Confirming reports that it was acquiring rights to "The Kids Are All Right," Focus Features said Thursday afternoon it picked up U.S. rights as well as rights for the U.K., Germany and South Africa, the distributor's head James Schamus announced Thursday. Bart Walker and John Sloss of Cinetic Media negotiated the North American rights deal on behalf of the filmmakers and collaborated with Inferno Entertainment on the international aspects of the pact.
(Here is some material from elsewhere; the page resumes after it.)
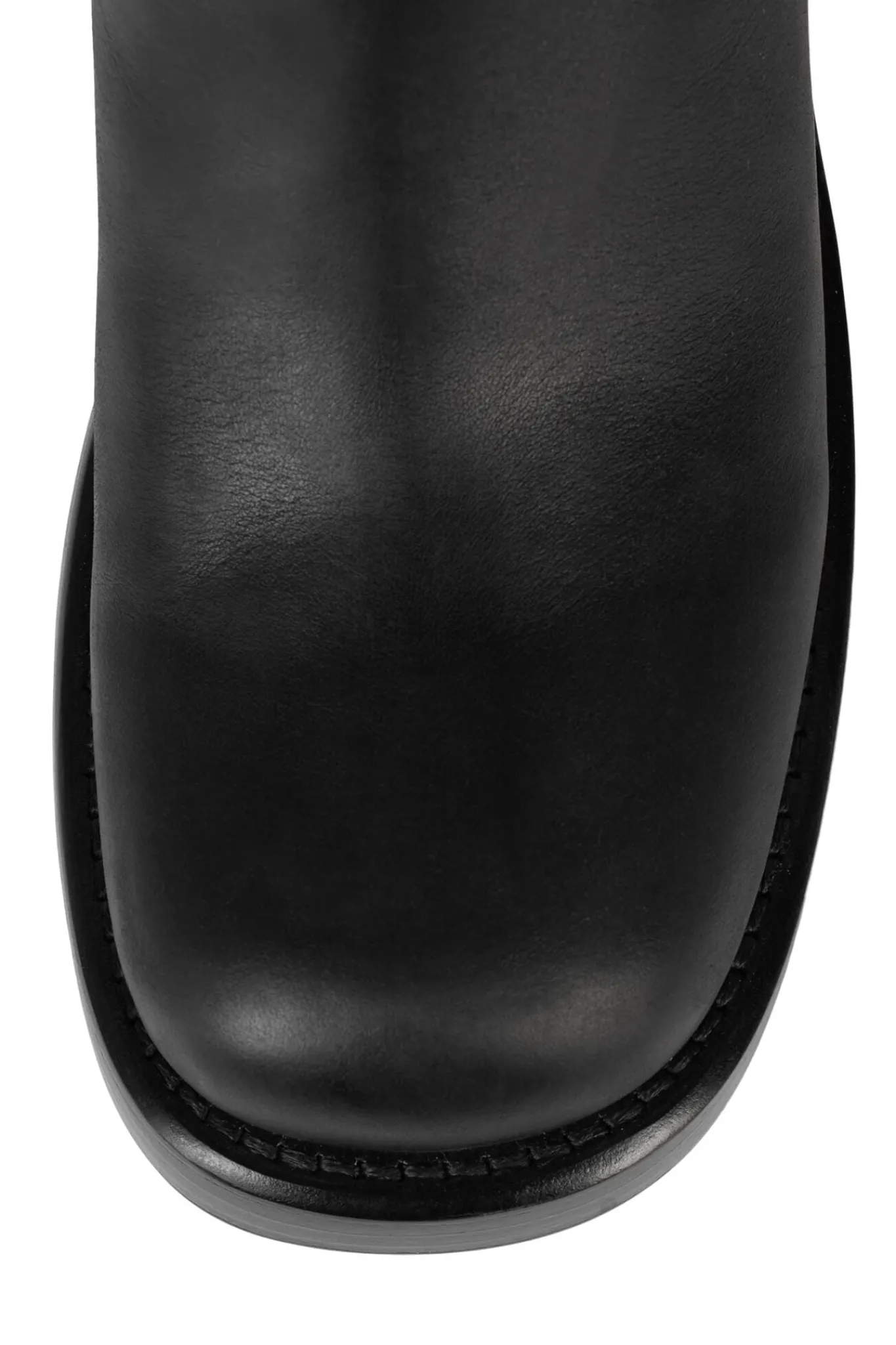Stacked heel boot; can be worn cuffed for knee high or uncuffed for over the knee

Few movies here at the Sundance Film Festival have generated the sort of immediate sales buzz that followed Monday night's screening of Lisa Cholodenko's "The Kids Are All Right," a last minute addition to the lineup at this year's Sundance Film Festival. In fact, other than the quick sale of "Buried" to Lions Gate over the weekend, insiders here are hard pressed to think of another film that would generate such a swift sale during this year's fest.
Upstairs at the annual Cinetic party at Zoom, co-hosted this year by YouTube on Monday night, Focus execs Andrew Karpen and John Lyons lingered, expressing their interest in the movie. Given the company's track record with films like "Milk" and "Brokeback Mountain," observers wondered whether the film would in fact go to Focus, or might end up at a company like Summit, which was also well represented upstairs at the party. Fox Searchlight was also in the mix to try to get the film, according to insiders.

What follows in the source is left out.